Air France has announced it will begin compensating families of the victims of its airline that crashed in the Atlantic Ocean this month in the worst aviation disaster in years. The company has also refused to comment for now on speculation the plane may have broken up in mid-air.
The announcement that families of crash victims would be compensated was made by Air France's CEO Pierre-Henri Gourgeon during an interview on French radio.
Gourgeon said Air France would pay about $24,000 for each victim of the crash. He said Air France lawyers are in contact about the payments with families of the 228 victims who come from many different countries.
He did not suggest the compensation meant that Air France admitted blame in the crash and said the company had responded appropriately to any safety problems that arose in Airbus planes. Investigators have been focusing on speed sensors as a possible cause of the crash.
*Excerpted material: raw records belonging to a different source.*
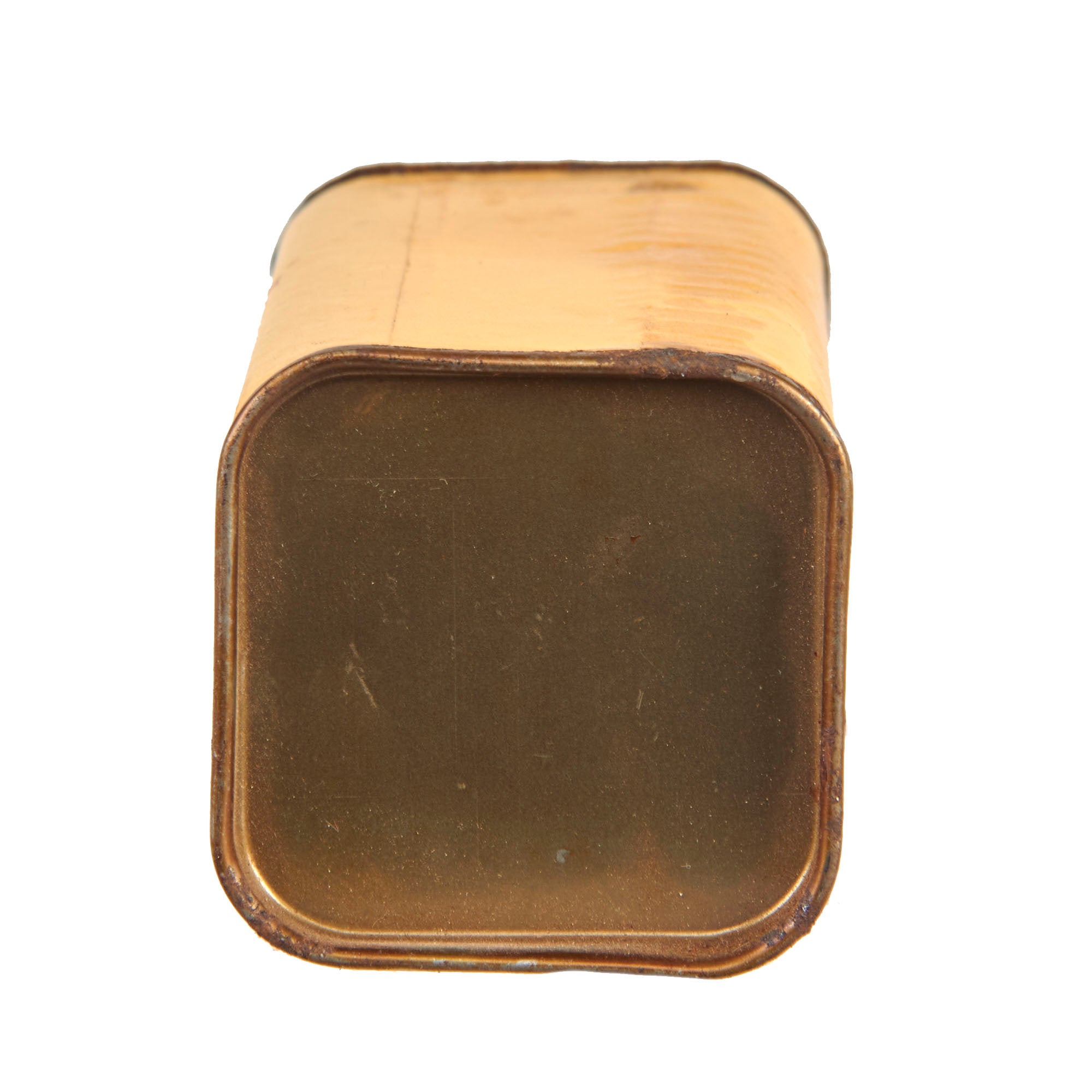 This thick cardboard block is complete with both end caps present. This example appears to have never been used or rigged at some point to be used. The right end cap is cut almost completely off from the body, which was done when the explosive contents were removed.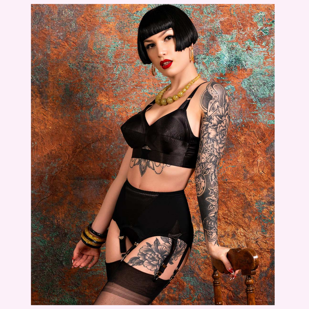 Although designed as part of our Maitresse Lingerie range, this belt matches perfectly with our other black satin lingerie ranges; including Glamour, 1940s and Retro. You're spoilt with choice of what to pair it with.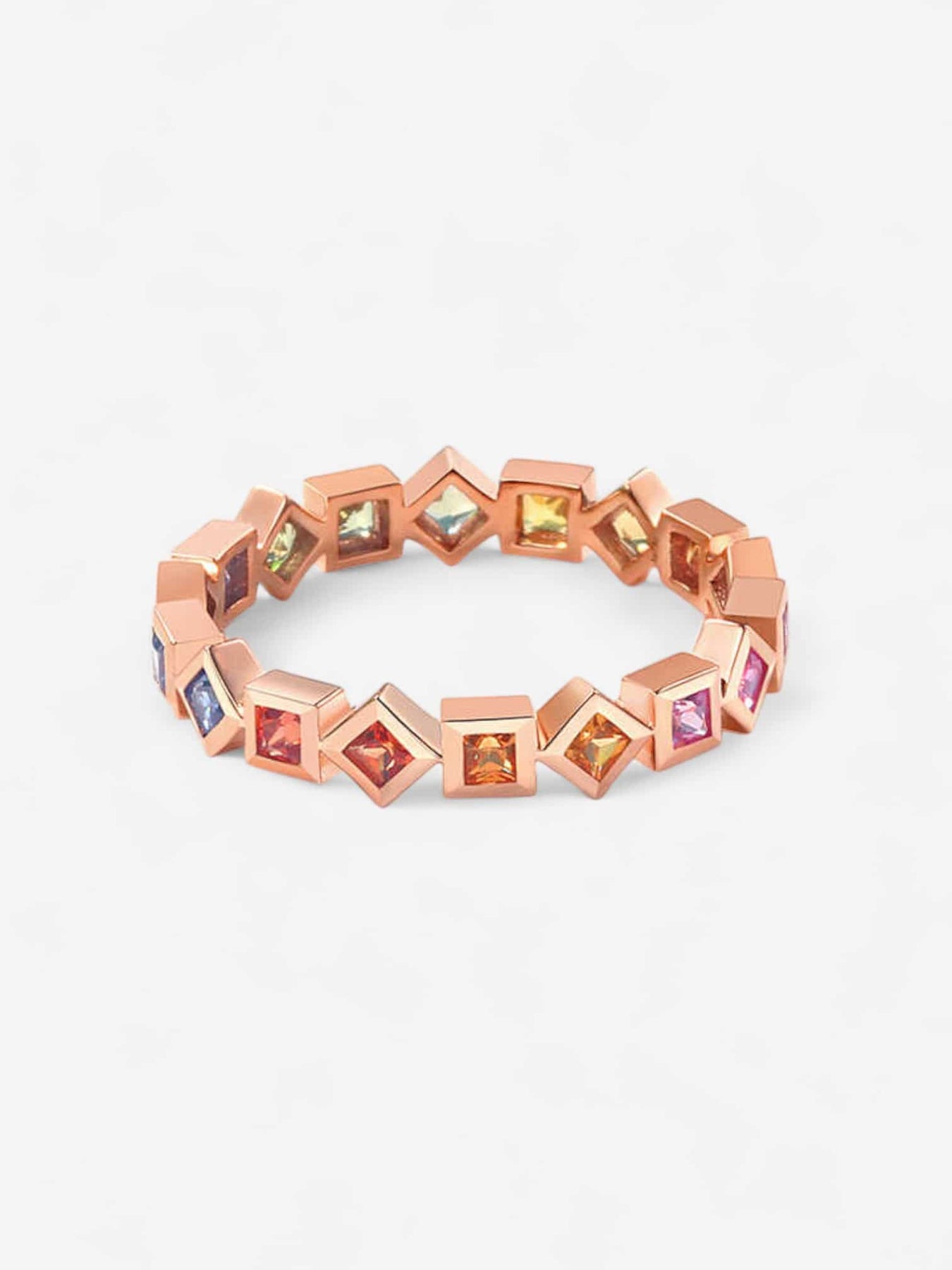 El Anillo Aurora Rainbow envuelve tu dedo en un vibrante baile de colores — un diseño alegre y escultural inspirado en las auroras boreales.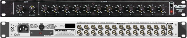 Drawmer LA 12 - представляет собой малошумящий усилитель-распределитель с низким уровнем взаимопроникновением каналов. Усилитель обладает широким частотным диапазоном, разработанной специально для копирования кассет в режиме реального времени. LA 12 представляет собой эффективное решение сопряжения большого количества кассетных дек в режиме реального времени. Прибор LA 12 предназначен для установки в стандартную 19-дюймовую стойку для оборудования и занимает в стойке одно стандартное место (1U). Дополнительный стереофонический выход, сигнал на который подается после регулятора уровня усиления и регулятора баланса, может быть соединен с входом второго усилителя LA 12, что позволяет иметь большее количество стереофонических выходов.

Gourgeon also refused to comment on speculation that the airplane may have broken up in midair. Some experts suggest this may be a possibility because autopsies of the victims recovered have reveal fractures in their limbs.
And he held out hope that the planes black boxes, believed to be at the bottom of the Atlantic Ocean, might be found. French Investigators are due to present a preliminary report on the accident by the end of June.
The crash has deepened problems at Air France, which like many airlines is struggling to cope with the financial crisis. The company has already announced it would cut 3,000 jobs over the next two financial years and Gourgeon said it might need to cut 3,000 more jobs through attrition.